I am currently enrolled in a food and travel writing course, where I get to learn about food from all over the world and the different food stories behind some cultures. It has been very fascinating to learn about and has given me the inspiration to write about my trip to Portland and its food.
About two months ago I made the trip to Portland, Oregon with my brother, Mitchell. Being the first trip we had planned on our own, we wanted to make the most out of our five-day experience.
We found the cheapest flight we could through Spirit Airlines out of Chicago. We rented a hotel for the first two nights in the city of Portland and then rented a small Airbnb camper for the last three nights in a small suburb right off of Alberta Street. The question I was asked the most when I excitedly informed friends and family of my upcoming trip was, “Why Oregon?” Little did they know, Portland has been portrayed as one of the vegan food capitals in the United States and honestly, my motives were all food driven. I had also seen beautiful images of Multnomah Falls and other hiking scenes, which I was dying to check out. My brother, being vegetarian, was interested in trying the food as well, but was most excited to just travel.
On day one, I had to check out the first-ever vegan mini-mall on Stark Street. This mall contained a small strip of four different stores ranging from a grocery store to a bakery to a cruelty free tattoo shop. We stopped in SweetPea Baking Co. first, where we split a warm raspberry tart and a plate of biscuits and gravy. Not only were the biscuits just the right amount of moist and flaky, but the gravy was creamy, rich and contained the perfect amount of pepper. We left feeling very satisfied as we made our way through the mall.
Our next stop would be our best stop because it set us up for the rest of our stay. We stopped in Herbivore Clothing where we purchased a few things and the workers were very friendly. We made conversation with the cashier, who (when she found out I was vegan) gave me a pamphlet with the best restaurants, stores, food trucks and things to do in Portland – all vegan friendly! The pamphlet was titled “Herbivore’s Faves in PDX,” and my brother and I were able to make a stop at nine of the locations in only five days and without a car.

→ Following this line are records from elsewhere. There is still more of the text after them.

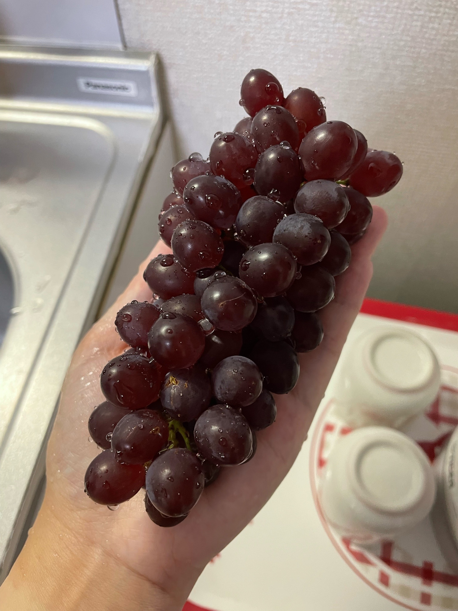 和和牛同一間超市買的可愛小葡萄,有一點酸但香氣很像糖果,滿好吃的~沒有籽但皮稍厚一點,我是直接擠到嘴裡皮不吃
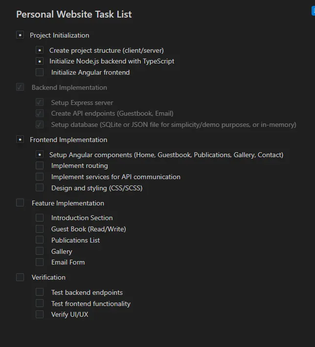 为了测试,我给 Antigravity 布置了一个任务:创建一个个人主页。
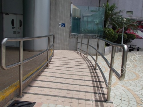 管狀不銹鋼欄杆式設計,固定在斜道兩旁,直徑及高度適中,底頂兩端有平行地面伸延設計,無觸覺點字或凸字資料。

Of all the stops, my top food choice was DC Vegetarian where I chose the vegan version of a Philly cheesesteak. It might be the best sandwich I have ever had in my life. With creamy cashew cheese, a meaty seitan beef and some roasted peppers and onions, my taste buds were extremely satisfied.
Another stop we made was at Bye and Bye, which is the nation’s very first all-vegan bar! We actually stopped here twice because the variations of rice, tofu, vegetable and a perfectly sliced avocado half on the top were so abundant we could not only try one. Other stops we made included Native Bowl food cart, Next Level Burger, Vita Cafe, Rabbit’s Cafe and a few of the hiking areas I mentioned, such as Multnomah Falls.
Not only did we experience great breakfast, lunch and dinner variations, but dessert as well. For the last three days, when we stayed in a small camper just outside of Portland, we walked every night to Back to Eden Bakery. Here I experienced my first vegan banana split, dark chocolate lavender shake and a warm chocolate fudge brownie with vanilla ice cream to top it off. The food never disappointed in PDX and was by far the highlight of our trip.
The convenience of a vegan friendly restaurant on every corner is not as common here in Stevens Point as it was in Portland. While going vegan, I had to learn to adapt without depriving myself of the food I enjoyed so much. A common food-theme I saw among many of the restaurants on my trip were rice bowls. With all the possible variations, I thought it would be easy to recreate my own at home. I started off with the most basic recipe and change it every time.
Rice Bowl Recipe
½ C Jasmine rice
1 C water
1 block firm tofu cubed
1 small carrot shredded
Purple cabbage shredded
1 C cooked broccoli
Thai peanut sauce
Pink Himalayan sea salt
Cook the rice and tofu according to the instructions. The veggies are up to you to determine how much you want, or if you want to differentiate from this basic version.
I buy the Thai peanut sauce from Walmart, but there are a few homemade recipes online I am looking to try. Drizzle it over the top of your bowl, season with Himalayan pink sea salt and sprinkle with the sesame seeds to top it off.